Dataset excerpts:
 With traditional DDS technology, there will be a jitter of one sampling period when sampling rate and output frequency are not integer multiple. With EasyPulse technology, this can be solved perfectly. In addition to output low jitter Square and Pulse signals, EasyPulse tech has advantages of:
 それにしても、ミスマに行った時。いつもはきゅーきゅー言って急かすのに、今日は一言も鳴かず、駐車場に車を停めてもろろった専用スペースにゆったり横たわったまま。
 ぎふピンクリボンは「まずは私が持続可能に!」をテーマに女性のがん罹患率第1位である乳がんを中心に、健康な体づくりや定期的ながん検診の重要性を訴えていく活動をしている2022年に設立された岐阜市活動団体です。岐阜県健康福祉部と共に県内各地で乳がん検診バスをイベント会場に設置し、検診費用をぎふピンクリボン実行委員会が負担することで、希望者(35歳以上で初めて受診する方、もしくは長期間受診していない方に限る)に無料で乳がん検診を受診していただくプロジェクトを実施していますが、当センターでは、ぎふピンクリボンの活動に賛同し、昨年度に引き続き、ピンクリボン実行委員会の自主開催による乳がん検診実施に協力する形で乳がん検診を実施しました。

...

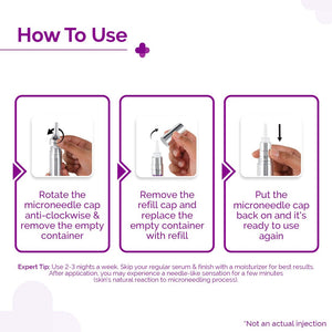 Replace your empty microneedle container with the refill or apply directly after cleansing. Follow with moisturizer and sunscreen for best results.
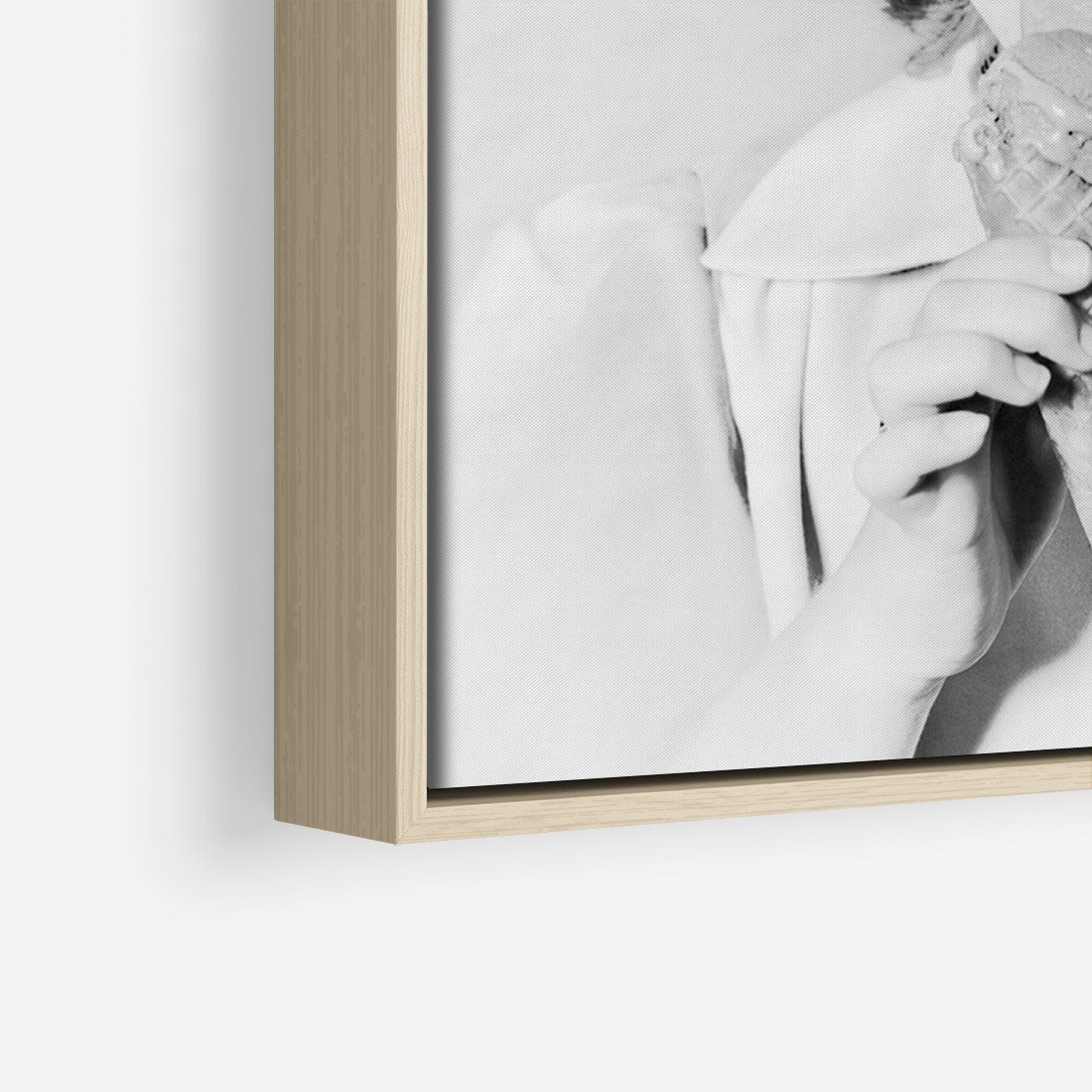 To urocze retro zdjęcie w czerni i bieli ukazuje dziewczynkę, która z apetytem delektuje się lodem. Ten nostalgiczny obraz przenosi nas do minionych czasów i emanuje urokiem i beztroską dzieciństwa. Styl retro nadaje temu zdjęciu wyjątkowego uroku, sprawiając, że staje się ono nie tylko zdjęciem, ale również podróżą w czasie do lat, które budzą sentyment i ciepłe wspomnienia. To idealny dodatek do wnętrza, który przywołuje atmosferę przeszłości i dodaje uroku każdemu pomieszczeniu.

Activity: Would you copy, unchanged, the stretch of the records above that begins at the line containing "それにしても、ミスマに行った" and ends at the line containing "ぎふピンクリボンは「まずは私", and only that?

Expected answer:
 それにしても、ミスマに行った時。いつもはきゅーきゅー言って急かすのに、今日は一言も鳴かず、駐車場に車を停めてもろろった専用スペースにゆったり横たわったまま。
 ぎふピンクリボンは「まずは私が持続可能に!」をテーマに女性のがん罹患率第1位である乳がんを中心に、健康な体づくりや定期的ながん検診の重要性を訴えていく活動をしている2022年に設立された岐阜市活動団体です。岐阜県健康福祉部と共に県内各地で乳がん検診バスをイベント会場に設置し、検診費用をぎふピンクリボン実行委員会が負担することで、希望者(35歳以上で初めて受診する方、もしくは長期間受診していない方に限る)に無料で乳がん検診を受診していただくプロジェクトを実施していますが、当センターでは、ぎふピンクリボンの活動に賛同し、昨年度に引き続き、ピンクリボン実行委員会の自主開催による乳がん検診実施に協力する形で乳がん検診を実施しました。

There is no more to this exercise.